As a final note, this question seems oriented towards "learning". If the goal is to implement something for production, the usual advice is to use a library implementation when/where available, and CUBLAS includes a dot-product, albeit not for integer types. You can also realize a dot-product with for example thrust transform_reduce.

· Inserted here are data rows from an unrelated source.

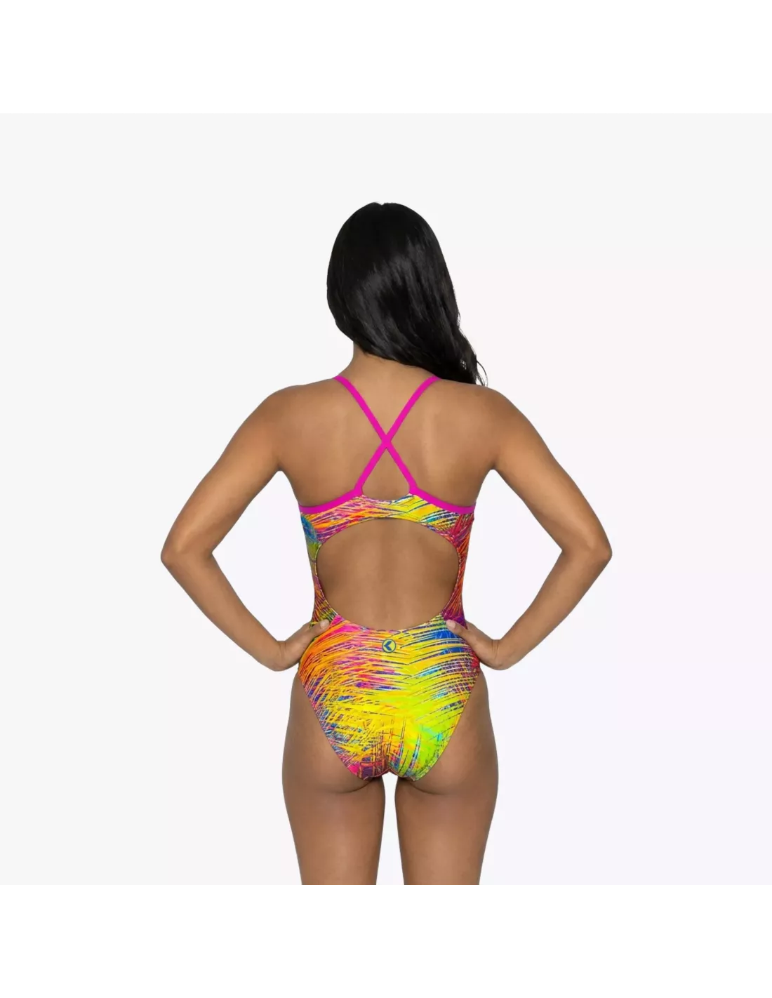 Brighten up every swim with ARCOIRIS , the one-piece swimsuit designed to combine style and performance. The colorful pastel print creates a fresh, delicate, and feminine look, enhanced by the narrow pink straps for an elegant and sporty touch.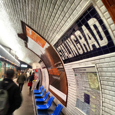 To celebrate our 20th wedding anniversary, we decided to visit Paris. Before setting off on the Eurostar train at London's St Pancras Station, I had some misgivings about revisiting a city which I had visited many times before. As soon as I stepped out of the metro train that took us from Gare du Nord to Place St Michel, these misgivings evaporated. Far from making me feel blasé, the sights of the city uplifted my soul. I felt as if I was seeing the city anew. I was filled with wonder. After taking possession of our room at the Hotel Esmeralda on the Rue St Julien le Pauvre - its window provided an excellent view of the north side of Notre Dame - we took the metro to the station named 'Stalingrad'.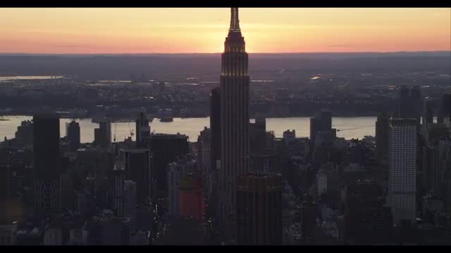 Slow sweeping of manhattan, sunset, empire state, skyline
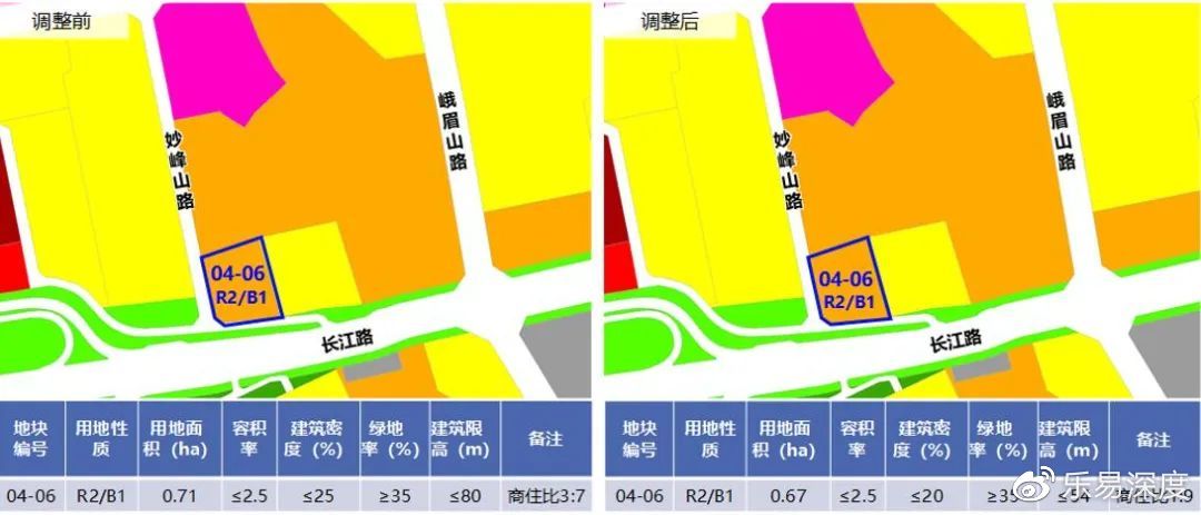唐岛湾中心西片区控规XHA0503单元调整,XHA0503-04-06地块,位于长江路以北、妙峰山路以东,用地面积为0.67公顷,用地性质为商住用地,建筑密度由≤25%调整为≤20%,建筑限高由80米调整为54米,商住比由3:7调整为1:9,其他指标保持不变。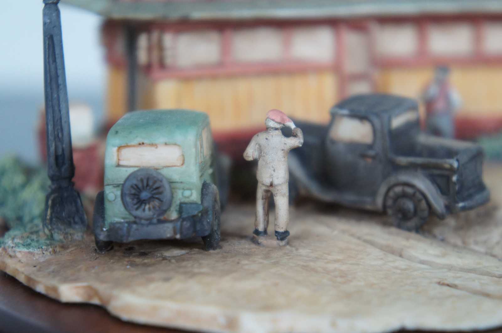 Schmid Route 66 Collection restaurant figurine on a wood base designed and signed by Lowell Davis, titled “Nel’s Diner” and numbered 316/2500. Pepsi. Schmid. Border Fine Arts, made in Scotland in 1990.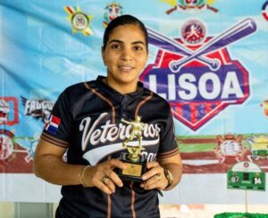 La oficial Marianny Tamarez de los Veteranos, fue la líder de ponches en el torneo de la Liga de Oficiales Académicos (Lisoa), en su versión 2025. (Fuente externa).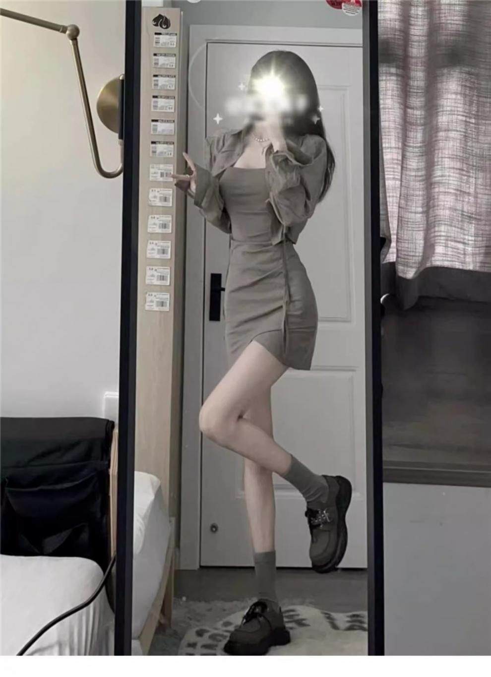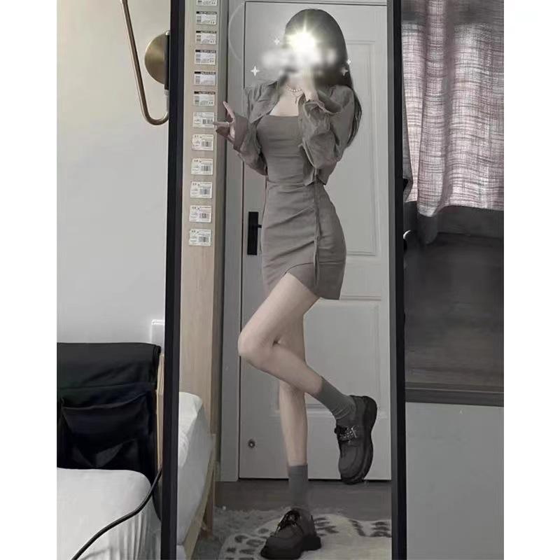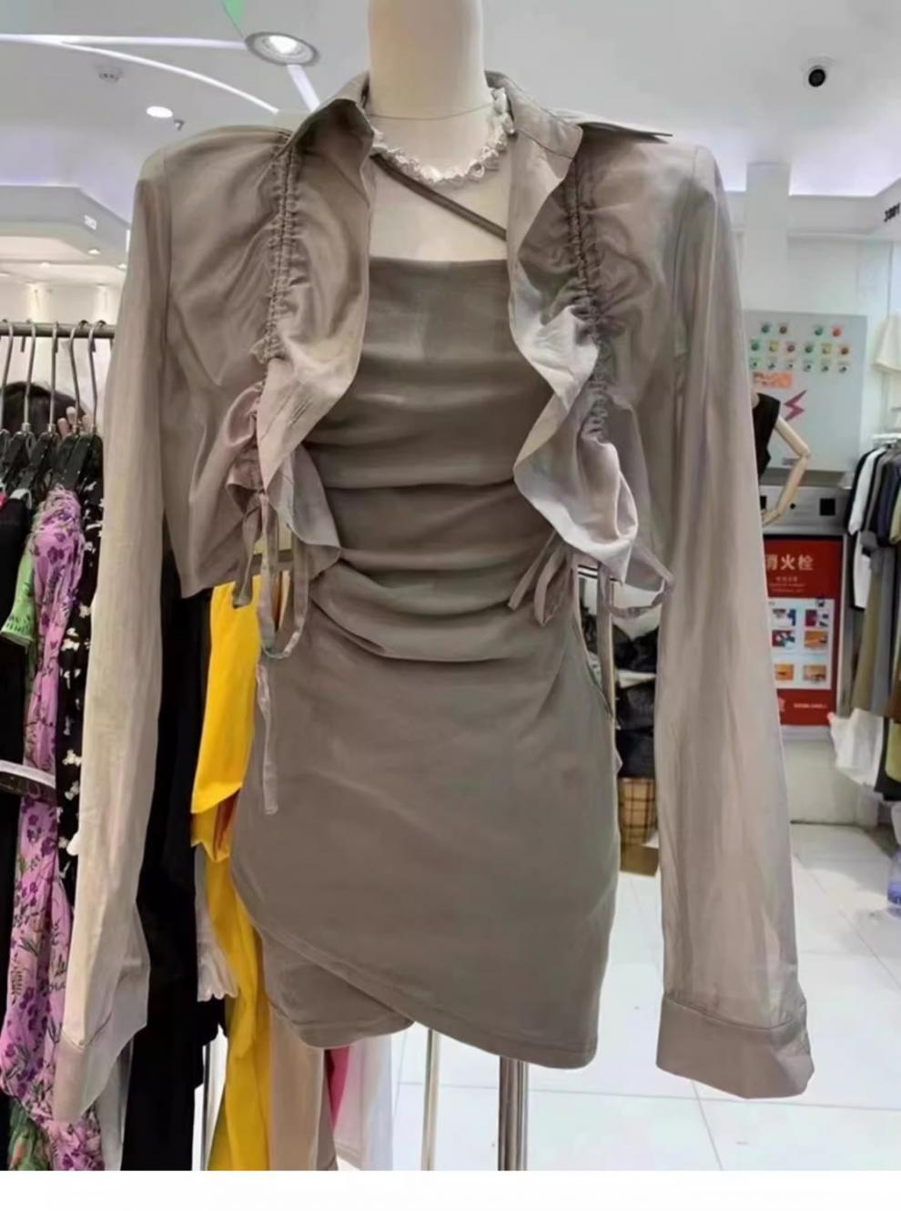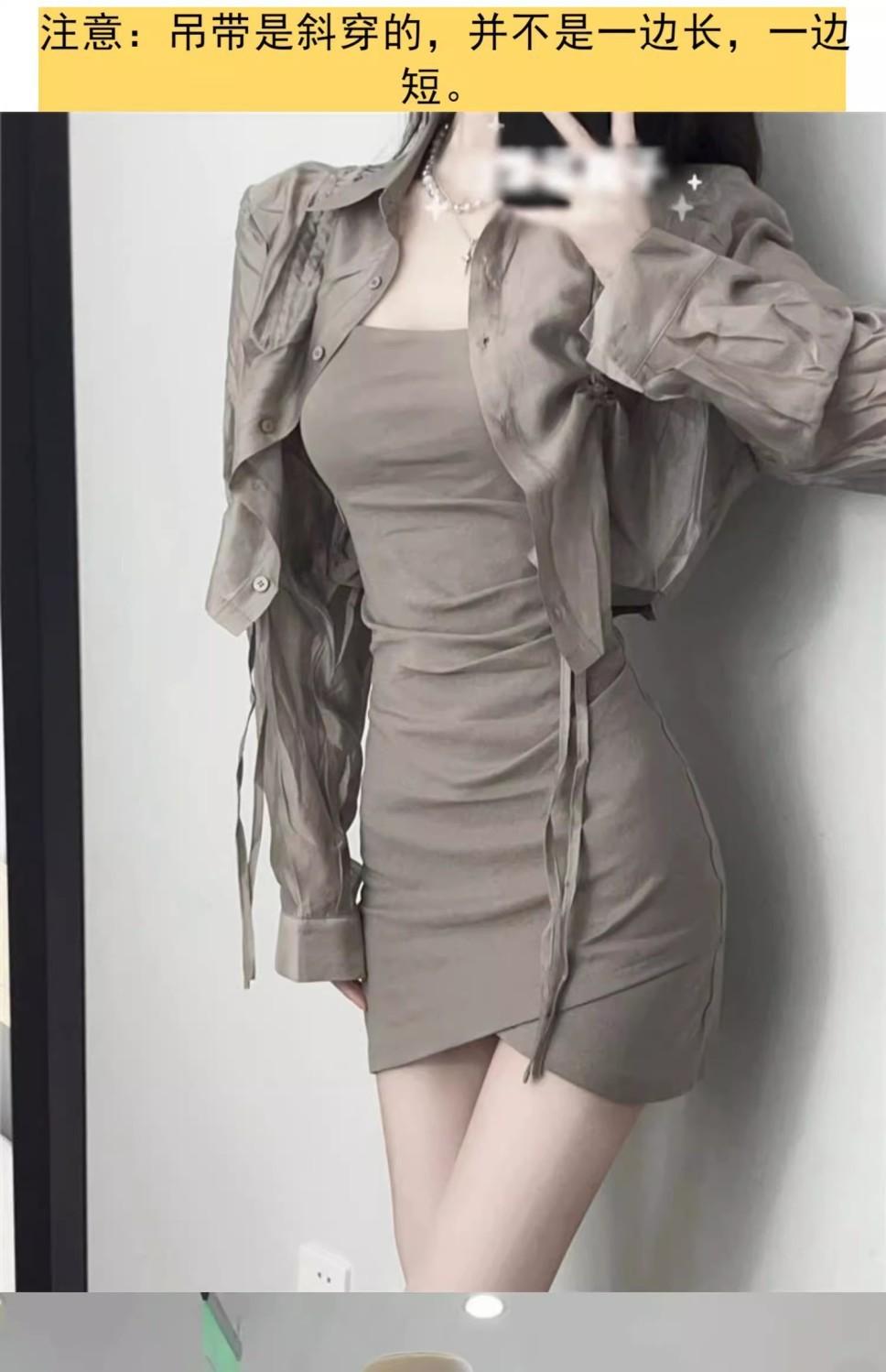 Verano Nuevo Estilo Pura Lujuria Traje de Falda con Tirantes para Chica Caliente Adelgazante Protección Solar Cárdigan Vestido con Tirantes Conjunto de Dos Piezas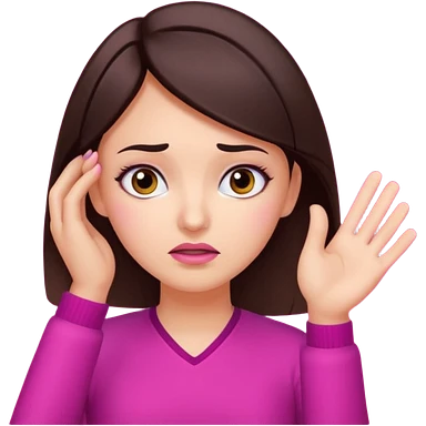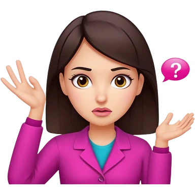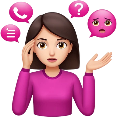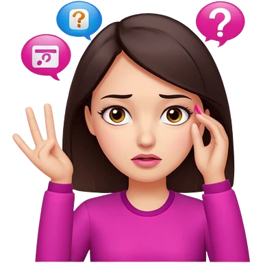 Social media manager. She has dark brown hair, brown eyes, , confused expression, raised eyebrows, questioning face, one hand on the head as if not understanding analytics.. Use vibrant colors with a focus on pink and fuchsia tone emoji
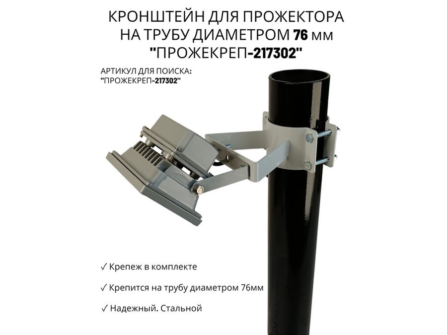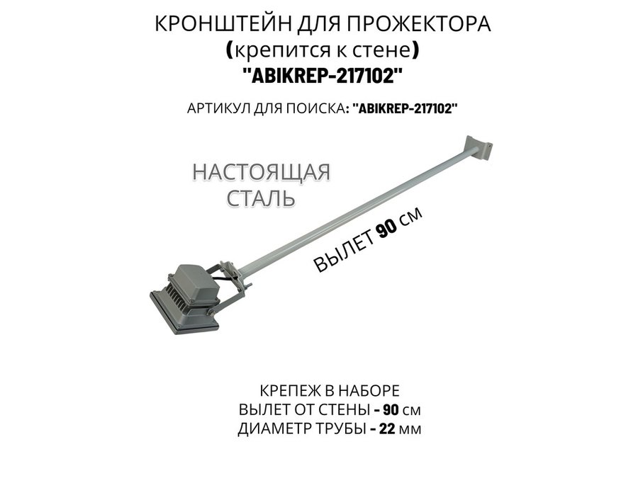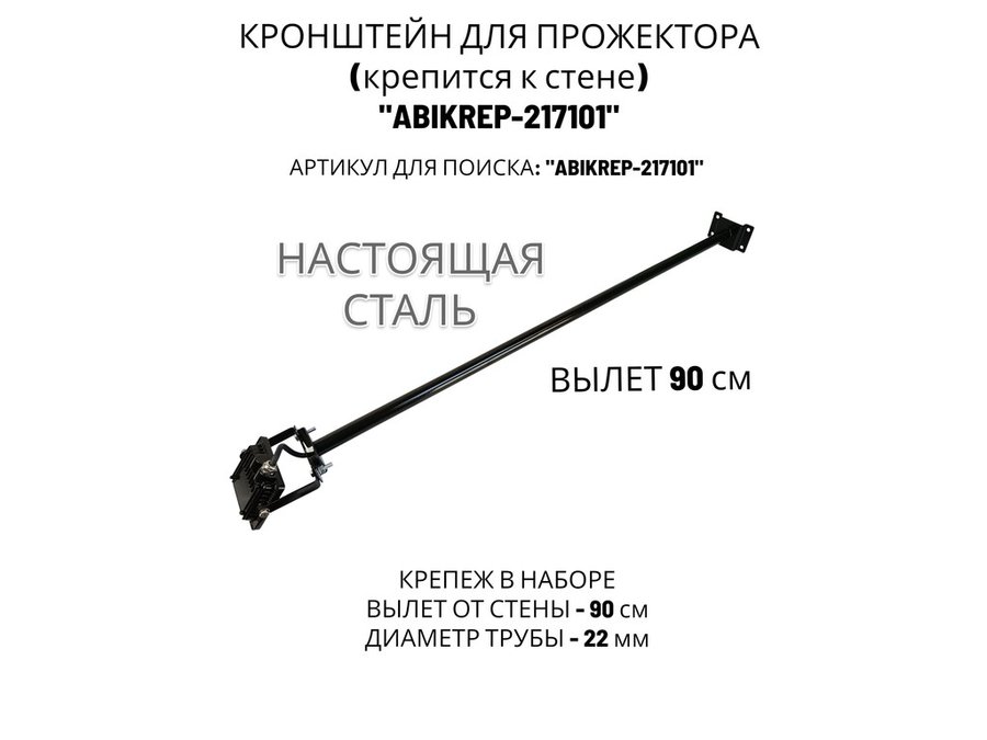 Кронштейн для прожектора к стене, диаметр 22мм, вылет 0,9 м "ABIKREP-217101" черный, основание 9х6см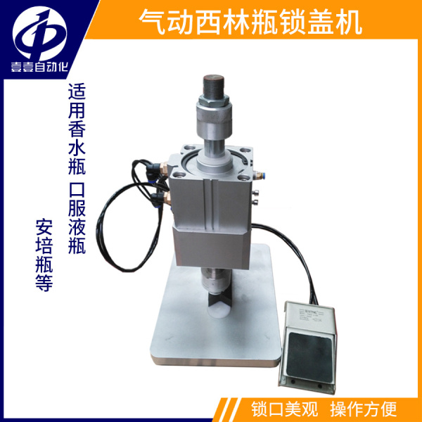 本機采用全氣動控制,特別適合于西林瓶、安瓶玻璃瓶產(chǎn)品的扎口。利用特殊材料制成的扎口頭,把放好噴頭的玻璃瓶放入扎蓋頭內(nèi),通過均衡氣壓把噴頭與玻璃瓶封死。采用氣缸方式進行工作,無需電源,鎖口頭采用機械伸縮方式鎖口,鎖口牢固美觀,具有操作方便、速度快等特點。適合香水瓶、口服液瓶、安培瓶、西林瓶等瓶子的鋁蓋鎖口。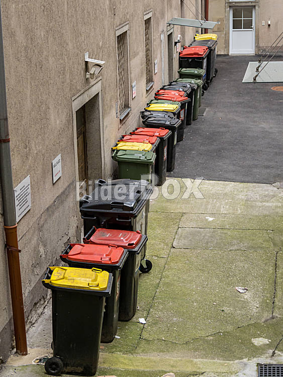 Beschreibung Mülleimer in einem Hinterhof eines Mehrparteienhauses

Responding to a question in the comments below, here is a test case comparing my method vs. the first method presented in the question:
$ cat t11.cu
#include <iostream>
#include <time.h>
#include <sys/time.h>
#define USECPSEC 1000000ULL
unsigned long long dtime_usec(unsigned long long start=0){
timeval tv;
gettimeofday(&tv, 0);
return ((tv.tv_sec*USECPSEC)+tv.tv_usec)-start;
}
#ifdef USE_BAD
__global__ void dotProductKernel(int *a, int *b, int *result, int n)
{
//Get the thread index
int tid = blockIdx.x * blockDim.x + threadIdx.x;
//Only calculate if thread index is valid
if (tid < n) {
int sum = 0;
//Perform dot product calculation for this thread's segment of the arrays
for (int i = tid; i < n; i+= blockDim.x * gridDim.x) {
sum += a[i] * b[i];
}
//Atomically add this thread's result to the shared result
atomicAdd(result, sum);
}
}
#else
const int BLOCK_SIZE=512; // must be a power of 2 less than 2048, and preferably larger than 32
template <typename T>
__global__ void dotProductKernel(const T * __restrict__ a, const T * __restrict__ b, T * __restrict__ result, size_t n)
{
__shared__ T smem[BLOCK_SIZE];
//Get the thread index
size_t tid = blockIdx.x * blockDim.x + threadIdx.x;
T sum = 0;
//Perform dot product calculation for this thread's segment of the arrays
for (size_t i = tid; i < n; i+= gridDim.x*blockDim.x) {
sum += a[i] * b[i];
}
//Perform threadblock sweep reduction
smem[threadIdx.x] = sum;
for (int i = BLOCK_SIZE>>1; i > 0; i>>=1){
__syncthreads();
if (threadIdx.x < i) smem[threadIdx.x] += smem[threadIdx.x+i];}
//Atomically add this block's result to the global result
if ((!threadIdx.x) && (tid < n)) atomicAdd(result, smem[0]);
}
#endif
int main(){
const int sz = 1048576;
int *a, *b, *c;
cudaMallocManaged(&a, sz*sizeof(a[0]));
cudaMallocManaged(&b, sz*sizeof(b[0]));
cudaMallocManaged(&c, sizeof(c[0]));
for (int i = 0; i < sz; i++) {a[i] = 1; b[i] = 2;}
c[0] = 0;
cudaMemPrefetchAsync(a, sz*sizeof(a[0]), 0);
cudaMemPrefetchAsync(b, sz*sizeof(b[0]), 0);
cudaMemPrefetchAsync(c, sizeof(c[0]), 0);
// warm-up
#ifdef USE_BAD
dotProductKernel<<<1, 1024>>>(a, b, c, sz);
#else
dotProductKernel<<<128, BLOCK_SIZE>>>(a, b, c, sz);
#endif
cudaDeviceSynchronize();
c[0] = 0;
cudaMemPrefetchAsync(c, sizeof(c[0]), 0);
unsigned long long dt = dtime_usec(0);
#ifdef USE_BAD
dotProductKernel<<<1, 1024>>>(a, b, c, sz);
#else
dotProductKernel<<<128, BLOCK_SIZE>>>(a, b, c, sz);
#endif
cudaDeviceSynchronize();
dt = dtime_usec(dt);
cudaError_t err = cudaGetLastError();
if (err != cudaSuccess)
std::cout << cudaGetErrorString(err) << std::endl;
else {
std::cout << c[0] << std::endl;
std::cout << "time: " << dt << "us" << std::endl;}
}
$ nvcc -o t11 t11.cu -DUSE_BAD
$ ./t11
2097152
time: 185us
$ nvcc -o t11 t11.cu
$ ./t11
2097152
time: 15us
$
I also note after some further testing that if the example 1 in the question is modified to have an appropriate number of blocks in the kernel launch, it will be approximately the same speed (within about 1%) of the kernel I have outlined in my answer. So the atomic pressure does not appear to be a serious concern for my testing so far.